** DATASET RECORDS follows **

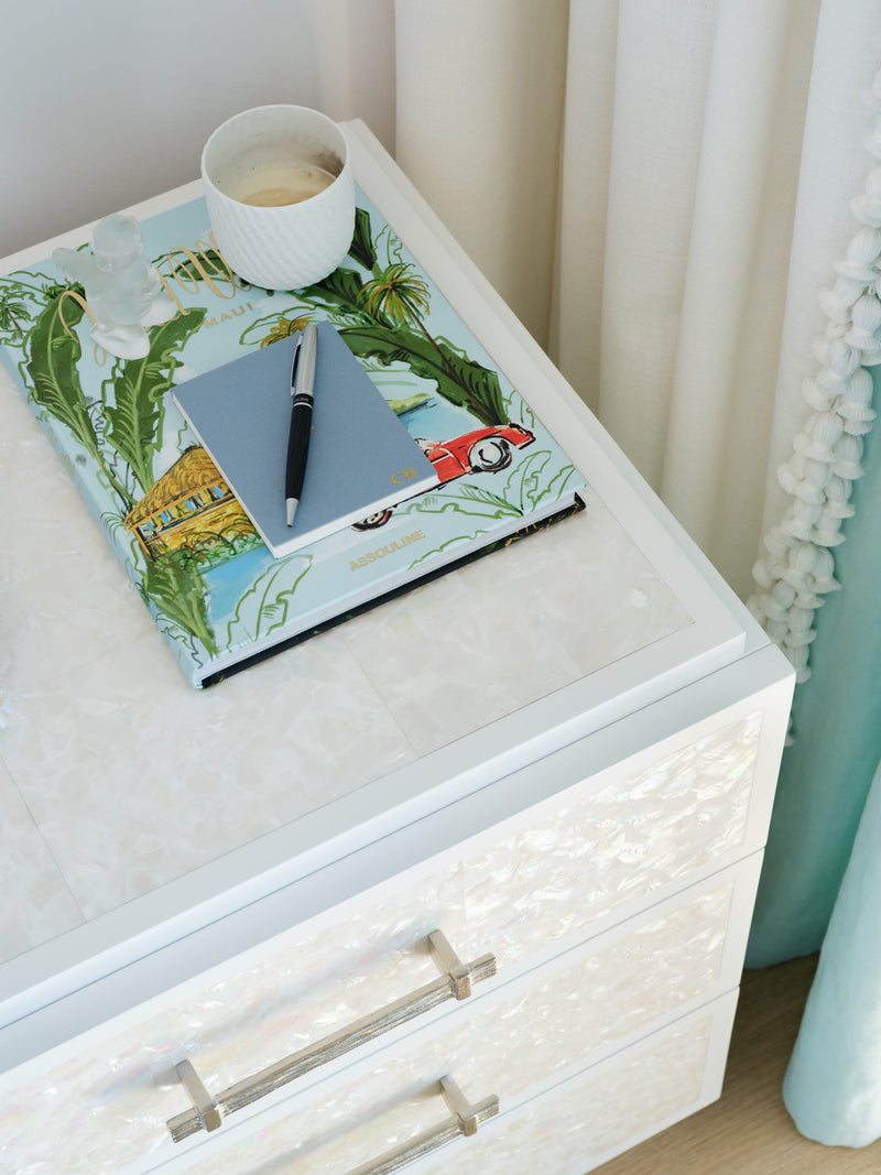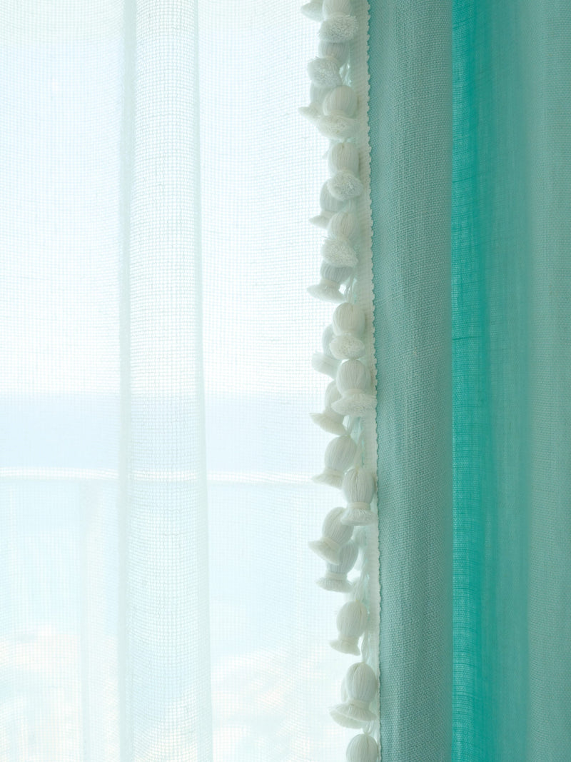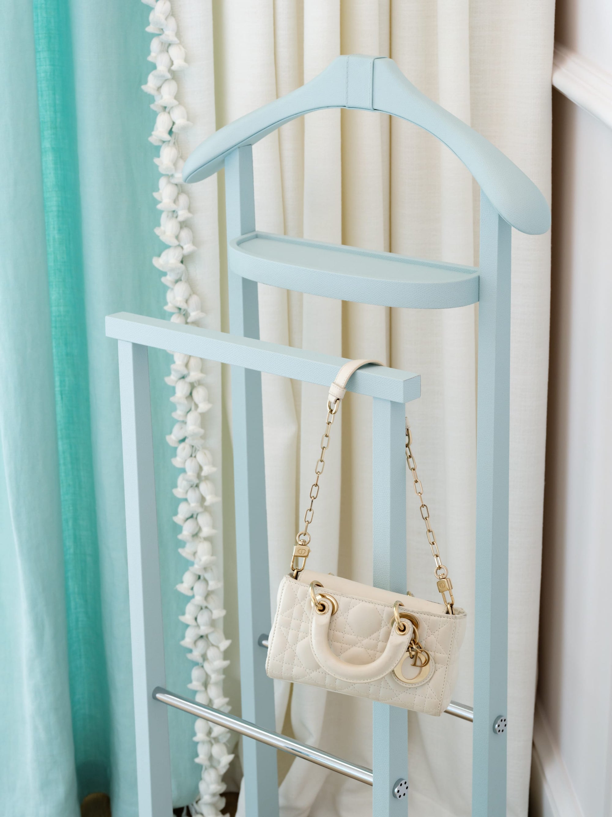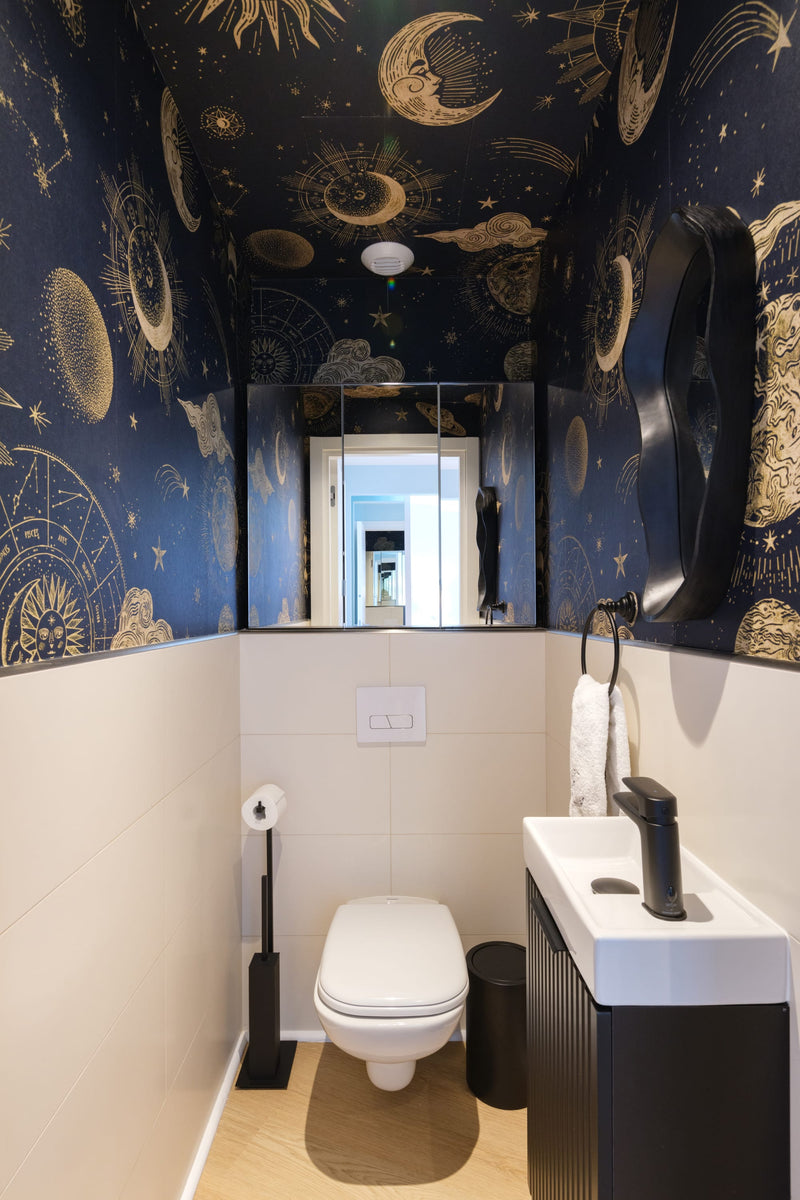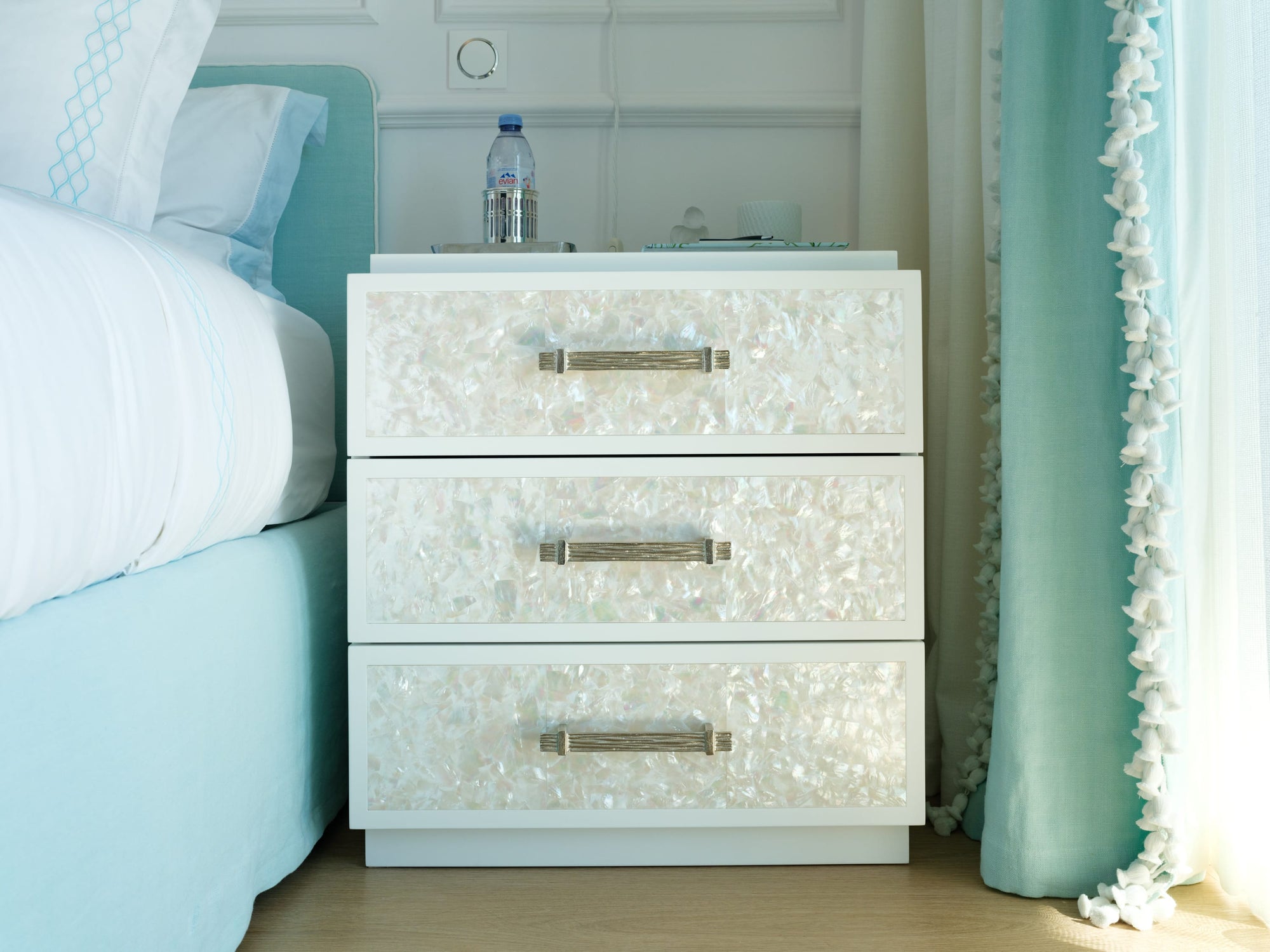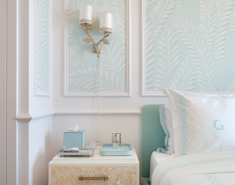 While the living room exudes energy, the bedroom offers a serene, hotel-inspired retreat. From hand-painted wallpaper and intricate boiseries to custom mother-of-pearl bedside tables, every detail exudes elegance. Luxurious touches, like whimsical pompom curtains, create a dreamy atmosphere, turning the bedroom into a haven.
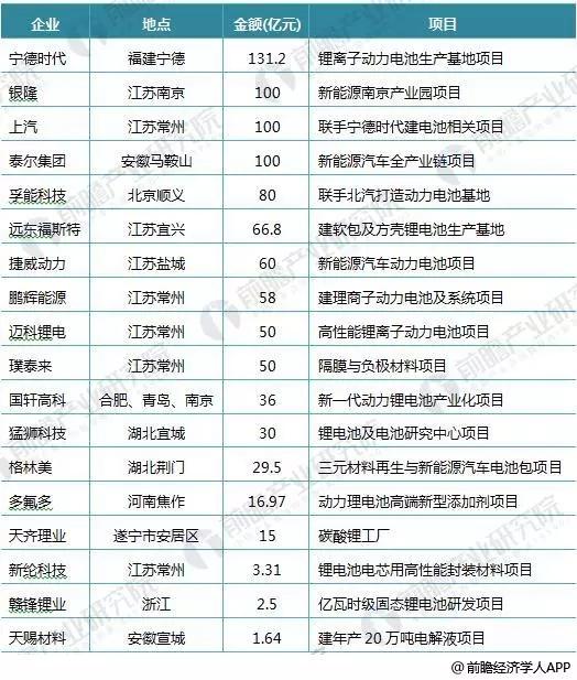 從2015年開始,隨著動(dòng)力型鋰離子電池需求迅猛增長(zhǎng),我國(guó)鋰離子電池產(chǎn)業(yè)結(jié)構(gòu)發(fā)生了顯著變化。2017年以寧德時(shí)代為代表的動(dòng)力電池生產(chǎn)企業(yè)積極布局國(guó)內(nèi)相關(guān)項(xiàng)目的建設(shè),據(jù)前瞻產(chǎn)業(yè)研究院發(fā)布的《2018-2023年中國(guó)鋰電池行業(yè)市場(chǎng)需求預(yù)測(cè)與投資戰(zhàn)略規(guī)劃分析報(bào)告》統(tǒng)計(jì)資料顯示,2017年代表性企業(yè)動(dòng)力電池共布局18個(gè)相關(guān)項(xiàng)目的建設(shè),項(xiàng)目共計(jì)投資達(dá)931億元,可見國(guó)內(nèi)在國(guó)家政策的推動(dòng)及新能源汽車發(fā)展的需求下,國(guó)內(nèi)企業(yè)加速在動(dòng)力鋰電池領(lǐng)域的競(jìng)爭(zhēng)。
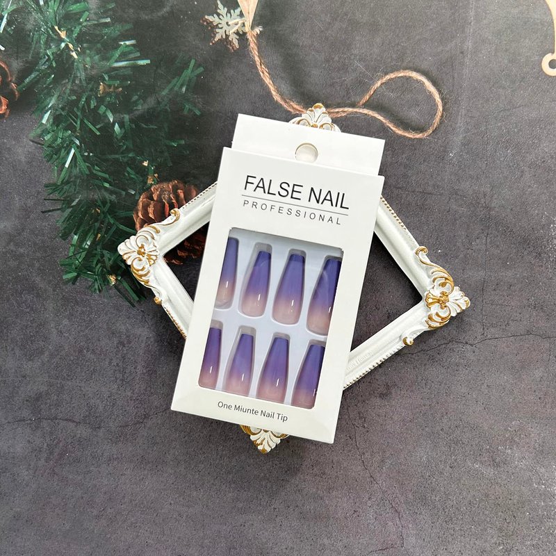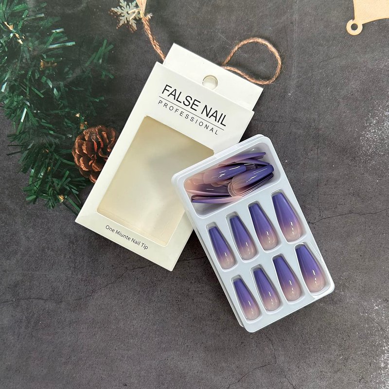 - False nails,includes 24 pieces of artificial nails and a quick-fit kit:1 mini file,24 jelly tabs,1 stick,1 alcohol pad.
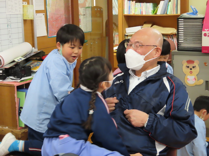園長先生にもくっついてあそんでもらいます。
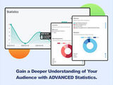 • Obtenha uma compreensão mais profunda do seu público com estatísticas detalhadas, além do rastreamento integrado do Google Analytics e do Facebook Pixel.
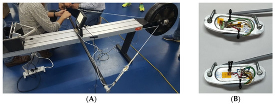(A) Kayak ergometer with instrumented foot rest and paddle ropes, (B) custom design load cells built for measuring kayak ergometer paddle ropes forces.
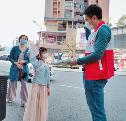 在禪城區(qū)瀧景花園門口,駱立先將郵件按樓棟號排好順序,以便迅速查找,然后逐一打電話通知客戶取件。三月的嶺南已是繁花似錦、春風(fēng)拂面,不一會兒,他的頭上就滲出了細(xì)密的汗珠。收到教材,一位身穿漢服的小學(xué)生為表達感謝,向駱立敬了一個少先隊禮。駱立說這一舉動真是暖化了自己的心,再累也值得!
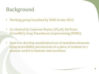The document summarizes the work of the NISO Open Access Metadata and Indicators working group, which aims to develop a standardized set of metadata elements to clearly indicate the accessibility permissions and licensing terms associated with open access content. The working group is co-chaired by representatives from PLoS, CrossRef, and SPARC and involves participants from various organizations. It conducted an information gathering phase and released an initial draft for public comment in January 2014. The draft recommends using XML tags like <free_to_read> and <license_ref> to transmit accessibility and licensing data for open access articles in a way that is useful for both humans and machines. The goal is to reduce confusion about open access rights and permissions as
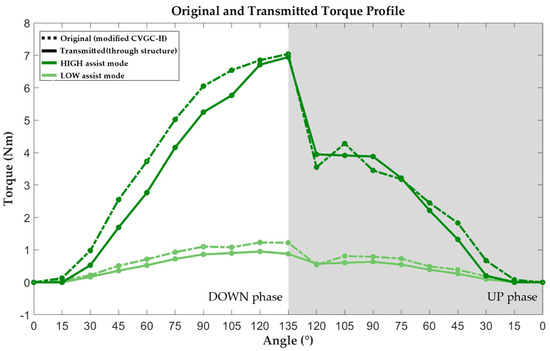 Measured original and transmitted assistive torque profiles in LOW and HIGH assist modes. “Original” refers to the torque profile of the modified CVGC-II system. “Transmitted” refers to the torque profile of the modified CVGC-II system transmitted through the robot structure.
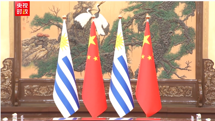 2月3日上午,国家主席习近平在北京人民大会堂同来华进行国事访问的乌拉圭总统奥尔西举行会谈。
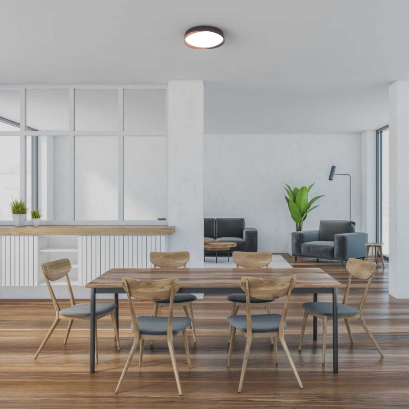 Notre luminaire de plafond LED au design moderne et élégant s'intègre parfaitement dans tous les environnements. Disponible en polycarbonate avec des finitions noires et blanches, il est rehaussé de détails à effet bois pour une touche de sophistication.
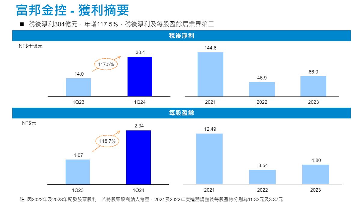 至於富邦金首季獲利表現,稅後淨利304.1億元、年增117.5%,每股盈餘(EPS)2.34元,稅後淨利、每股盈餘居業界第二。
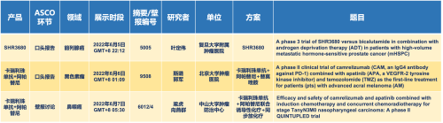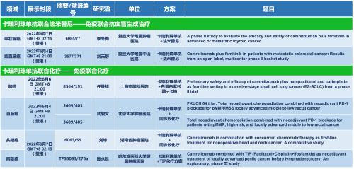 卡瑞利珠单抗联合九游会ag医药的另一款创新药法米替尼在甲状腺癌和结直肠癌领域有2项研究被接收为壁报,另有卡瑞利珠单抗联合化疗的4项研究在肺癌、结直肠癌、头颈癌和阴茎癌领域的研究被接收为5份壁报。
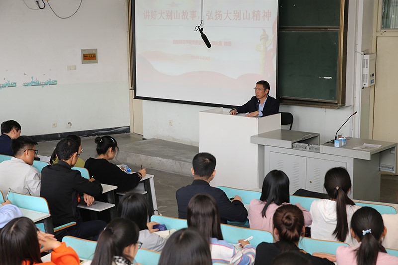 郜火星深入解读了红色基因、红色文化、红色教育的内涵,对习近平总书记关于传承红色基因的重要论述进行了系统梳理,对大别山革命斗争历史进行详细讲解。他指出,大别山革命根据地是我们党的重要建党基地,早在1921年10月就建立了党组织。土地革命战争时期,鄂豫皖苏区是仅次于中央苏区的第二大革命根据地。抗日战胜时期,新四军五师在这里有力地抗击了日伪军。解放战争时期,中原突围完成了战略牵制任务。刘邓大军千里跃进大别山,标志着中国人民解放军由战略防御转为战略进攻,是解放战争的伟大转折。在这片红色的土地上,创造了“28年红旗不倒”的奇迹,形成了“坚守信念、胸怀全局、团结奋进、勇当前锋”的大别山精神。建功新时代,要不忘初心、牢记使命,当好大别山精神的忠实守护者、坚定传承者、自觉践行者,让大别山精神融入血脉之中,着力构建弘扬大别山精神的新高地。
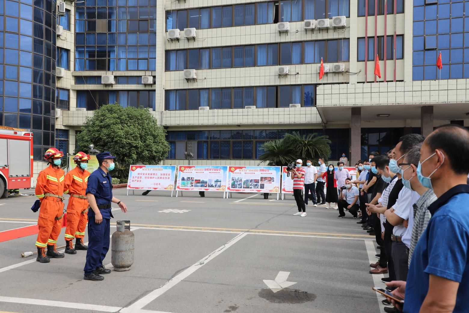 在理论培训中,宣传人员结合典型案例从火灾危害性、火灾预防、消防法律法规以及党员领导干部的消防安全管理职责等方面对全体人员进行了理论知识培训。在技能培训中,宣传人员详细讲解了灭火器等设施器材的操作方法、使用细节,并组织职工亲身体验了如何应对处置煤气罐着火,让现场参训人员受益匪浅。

** End of DATASET RECORDS **

# ASSIGNMENT
In the listing above, find the line containing "在禪城區(qū)瀧景花園門口" and the line containing "卡瑞利珠单抗联合九游会ag医"; print those lines and every line between them exactly, leaving out pictures.

# RESPONSE AREA
 在禪城區(qū)瀧景花園門口,駱立先將郵件按樓棟號排好順序,以便迅速查找,然后逐一打電話通知客戶取件。三月的嶺南已是繁花似錦、春風(fēng)拂面,不一會兒,他的頭上就滲出了細(xì)密的汗珠。收到教材,一位身穿漢服的小學(xué)生為表達感謝,向駱立敬了一個少先隊禮。駱立說這一舉動真是暖化了自己的心,再累也值得!
The document summarizes the work of the NISO Open Access Metadata and Indicators working group, which aims to develop a standardized set of metadata elements to clearly indicate the accessibility permissions and licensing terms associated with open access content. The working group is co-chaired by representatives from PLoS, CrossRef, and SPARC and involves participants from various organizations. It conducted an information gathering phase and released an initial draft for public comment in January 2014. The draft recommends using XML tags like <free_to_read> and <license_ref> to transmit accessibility and licensing data for open access articles in a way that is useful for both humans and machines. The goal is to reduce confusion about open access rights and permissions as
 Measured original and transmitted assistive torque profiles in LOW and HIGH assist modes. “Original” refers to the torque profile of the modified CVGC-II system. “Transmitted” refers to the torque profile of the modified CVGC-II system transmitted through the robot structure.
 2月3日上午,国家主席习近平在北京人民大会堂同来华进行国事访问的乌拉圭总统奥尔西举行会谈。
 Notre luminaire de plafond LED au design moderne et élégant s'intègre parfaitement dans tous les environnements. Disponible en polycarbonate avec des finitions noires et blanches, il est rehaussé de détails à effet bois pour une touche de sophistication.
 至於富邦金首季獲利表現,稅後淨利304.1億元、年增117.5%,每股盈餘(EPS)2.34元,稅後淨利、每股盈餘居業界第二。
 卡瑞利珠单抗联合九游会ag医药的另一款创新药法米替尼在甲状腺癌和结直肠癌领域有2项研究被接收为壁报,另有卡瑞利珠单抗联合化疗的4项研究在肺癌、结直肠癌、头颈癌和阴茎癌领域的研究被接收为5份壁报。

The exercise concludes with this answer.